Todos no bairro se admiravam do quão “bonzinho” era aquele guri. Mesmo cair e
ralar o joelho era um ato que despertava riso, então pouco ainda recordava-se
do estranhamento do cirurgião responsável pelo parto da criança, quando este
não despertou um esperneio de lágrimas no menino que acabara de nascer ao
dar-lhe um safanão em suas nádegas. Diagnóstico: criança normal, porém com
ausência de pranto.
O menino cresceu com um estigma a
qual poucos se davam conta, ele não chorava. Fossem pretextos emocionais ou
razões físicas, nada lhe tirava uma lágrima se quer; mesmo quando ria demasiado,
seus olhos, tão pouco, lacrimejavam. Ninguém adivinhava a que ordem, moral,
psicológica, médica, genética, pertenciam às causas que levavam a este
fenômeno. E a verdade é que mesmo os pais, pouco se importavam, afinal houvera
sido um sonho passar pela crise dos primeiros anos da maternidade sem os choros
noturnos constantes. A criança não era menos sapeca ou arteira, porém as noites
eram extremamente silenciosas na casa.
Para a criança parecia ser
igualmente uma vantagem, um regalo dos céus, utilizado nos momentos de querelas
infantis mais urgentes. Todo indício de dor era insuspeito - naquele coração -
um ou dois quartos o tamanho de um adulto, principiava a germinar um orgulho já
quase maduro. Quando naquele sábado de manhã rebentou uma peleja no campinho de
terra batida da praça do bairro, todos os garotos pensavam ter visto sair
sangrando do terreno, um homem com corpo de menino, suas lágrimas eram
vermelhas e o respeito era geral.
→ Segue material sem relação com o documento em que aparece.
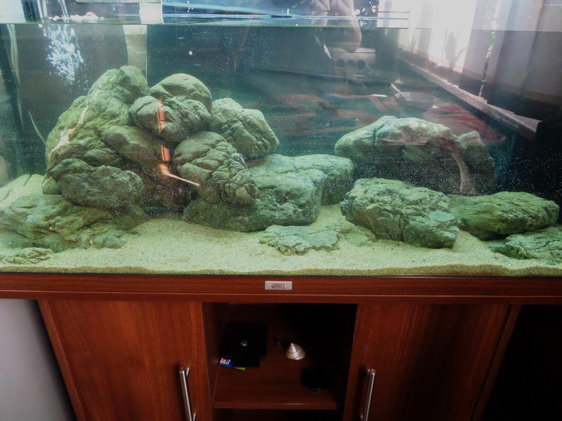 Запустила буквально со старта, тем что было. Результат не ахти, самой не нравится. Но, там отнерестились принцессы, и было жалко разрушать их семейство, поэтому временно оставила как есть. Да и дочка все время с удовольствием наблюдаем за ними. А вчера получила камни от Любомира второй поставкой, именно для этого аквариума. Имею и планы, и возможность, сегодня заняться этой перестройкой. Результат будет (очень на это надеюсь) ближе к вечеру...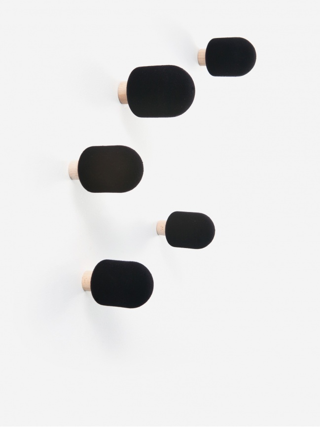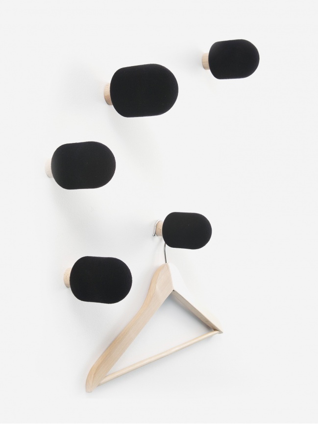 Referring to the journalists and singer's microphone, the oak and colored foam pegs Micro are directly fixed to the wall so that you can softly hang your clothes on it.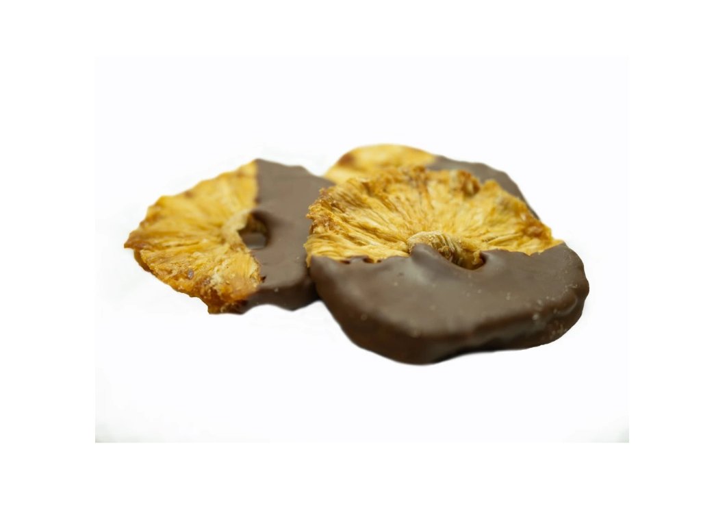 Tropická svěžest ve sladkém kabátku z mléčné čokolády! Šťavnatý sušený ananas obalený v prvotřídní belgické hořké čokoládě přináší harmonii sladkosti a extra jemné čokoládové chuti. Perfektní volba pro milovníky výrazných sladkých kombinací!

O comentário do dia seguinte na escola, não
era outro diziam que ele não sentia dor, a verdade era que ele não sabia dizer
como sentia. Havia algo de diferente naquele mancebo, os professores, os
vizinhos, os colegas; todos percebiam, entretanto não sabiam atinar para o quê.
Já os pais tinham alguns receios, ainda assim, a criança cresceu sem ser
incomodada com questões clínicas ou psiquiátricas e jamais duvidaram da
existência e funcionamento corretos de suas glândulas lacrimais.
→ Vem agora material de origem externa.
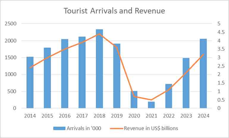 In 2018, tourism revenue peaked at over $ 4.4 billion (Central Bank Report 2024), but was impacted by events like the Easter attacks in 2019, which caused a significant loss of revenue, dropping it to $ 3.6 billion.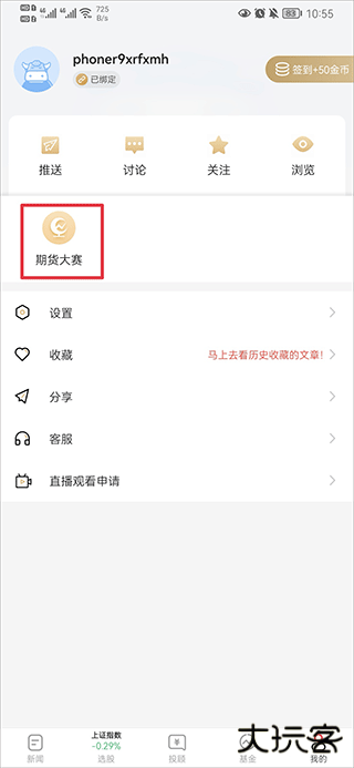 1、打开和讯财经app,在我的界面中点击期货大赛

Depois de menino, homem feito,
passado a infância e boa parte da juventude sem uma gota de fel, agora
adentrava o mundo dos adultos e das grandes preocupações munido apenas de
palavras. Aquele que jamais havia chorado estava agora em um mundo aonde chorar
não era permitido. Dor e emoção quando expressas eram sinônimos de fraqueza,
competição e orgulho vigoravam como valores aos quais a sua natureza lhe havia
concedido um benefício estético. Conquanto seu triunfo fosse invejado, a vida,
mais do que os homens, havia-lhe ensinado a vã glória de sua mácula. Afinal, as
palavras do menino que cresceu poeta por desvio fisiológico, dariam para
descargar o peso de um coração impressionado? Queriam que ele chorasse no
enterro de sua mãe, porém não conseguiu e tão pouco seu pai viu brilharem seus
olhos desde a cama donde permanecia internado. Queria ele chorar? Não sentia
dor porque não choravas? Quanto lamento cabia em uma palavra?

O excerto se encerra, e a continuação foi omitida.